If you are going to use CLIs, you can use Spark SQL using one of the 3 approaches.

Using Spark SQL

spark2-sql \
    --master yarn \
    --conf spark.ui.port=0 \
    --conf spark.sql.warehouse.dir=/user/${USER}/warehouse

Using Scala

spark2-shell \
    --master yarn \
    --conf spark.ui.port=0 \
    --conf spark.sql.warehouse.dir=/user/${USER}/warehouse

Using Pyspark

pyspark2 \
    --master yarn \
    --conf spark.ui.port=0 \
    --conf spark.sql.warehouse.dir=/user/${USER}/warehouse

spark.conf.set('spark.sql.shuffle.partitions', '2')

Let us get highest paid employee and least paid employee with in each department for each employee using employees data set.
You can also use max to get max salary for each department, but you cannot get other attributes related to ma salary such as employee id, name etc. With first or last, you can get other details as well.
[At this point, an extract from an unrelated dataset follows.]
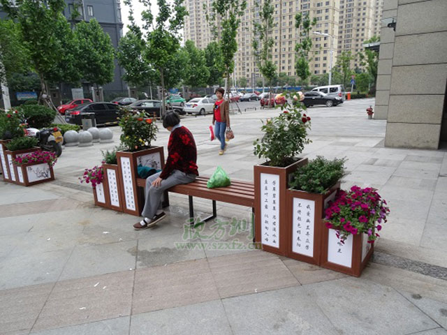 塑木花箱作為一種鮮花和植物收集的容器,適宜設置在風景優美的地方欣賞,也可以和亭、廊、水榭等結合,組成和諧優美的園林景觀。在日常生活中,最常見的塑木花箱恐怕還是在城市馬路兩邊的綠化帶中。云南政府為了滿足道路景觀要需求,現在需要采用更結實堅用,美觀大方的材料制作的塑木花箱,景觀塑木花箱現已成為城市道路必不可少的家具與裝飾。而欣方圳公司的塑木花箱,因其樣式多彩多樣,使用壽命長又美觀,更因其對環境的零污染,而成為市場上花箱的流行趨勢!

employeesPath = '/public/hr_db/employees'

employees = spark. \
    read. \
    format('csv'). \
    option('sep', '\t'). \
    schema('''employee_id INT, 
              first_name STRING, 
              last_name STRING, 
              email STRING,
              phone_number STRING, 
              hire_date STRING, 
              job_id STRING, 
              salary FLOAT,
              commission_pct STRING,
              manager_id STRING, 
              department_id STRING
            '''). \
    load(employeesPath)

from pyspark.sql.functions import col

employees. \
    select('employee_id', 
           col('department_id').cast('int').alias('department_id'), 
           'salary'
          ). \
    orderBy('department_id', 'salary'). \
    show()

+-----------+-------------+-------+
|employee_id|department_id| salary|
+-----------+-------------+-------+
|        178|         null| 7000.0|
|        200|           10| 4400.0|
|        202|           20| 6000.0|
|        201|           20|13000.0|
|        119|           30| 2500.0|
|        118|           30| 2600.0|
|        117|           30| 2800.0|
|        116|           30| 2900.0|
|        115|           30| 3100.0|
|        114|           30|11000.0|
|        203|           40| 6500.0|
|        132|           50| 2100.0|
|        136|           50| 2200.0|
|        128|           50| 2200.0|
|        127|           50| 2400.0|
|        135|           50| 2400.0|
|        140|           50| 2500.0|
|        144|           50| 2500.0|
|        191|           50| 2500.0|
|        182|           50| 2500.0|
+-----------+-------------+-------+
only showing top 20 rows

from pyspark.sql.window import Window

spec = Window. \
    partitionBy('department_id'). \
    orderBy(col('salary').desc())

from pyspark.sql.functions import first

employees. \
    select('employee_id', 
           col('department_id').cast('int').alias('department_id'), 
           'salary'
          ). \
    withColumn("highest_salary", first('salary').over(spec)). \
    withColumn("highest_employee_id", first('employee_id').over(spec)). \
    orderBy("department_id", col("salary").desc()). \
    show()

+-----------+-------------+-------+--------------+-------------------+
|employee_id|department_id| salary|highest_salary|highest_employee_id|
+-----------+-------------+-------+--------------+-------------------+
|        178|         null| 7000.0|        7000.0|                178|
|        200|           10| 4400.0|        4400.0|                200|
|        201|           20|13000.0|       13000.0|                201|
|        202|           20| 6000.0|       13000.0|                201|
|        114|           30|11000.0|       11000.0|                114|
|        115|           30| 3100.0|       11000.0|                114|
|        116|           30| 2900.0|       11000.0|                114|
|        117|           30| 2800.0|       11000.0|                114|
|        118|           30| 2600.0|       11000.0|                114|
|        119|           30| 2500.0|       11000.0|                114|
|        203|           40| 6500.0|        6500.0|                203|
|        121|           50| 8200.0|        8200.0|                121|
|        120|           50| 8000.0|        8200.0|                121|
|        122|           50| 7900.0|        8200.0|                121|
|        123|           50| 6500.0|        8200.0|                121|
|        124|           50| 5800.0|        8200.0|                121|
|        184|           50| 4200.0|        8200.0|                121|
|        185|           50| 4100.0|        8200.0|                121|
|        192|           50| 4000.0|        8200.0|                121|
|        193|           50| 3900.0|        8200.0|                121|
+-----------+-------------+-------+--------------+-------------------+
only showing top 20 rows

The default functionality of last function is to use the rows between unbounded preceding to current row. We need to change the rows between to unbounded preceding to unbounded following.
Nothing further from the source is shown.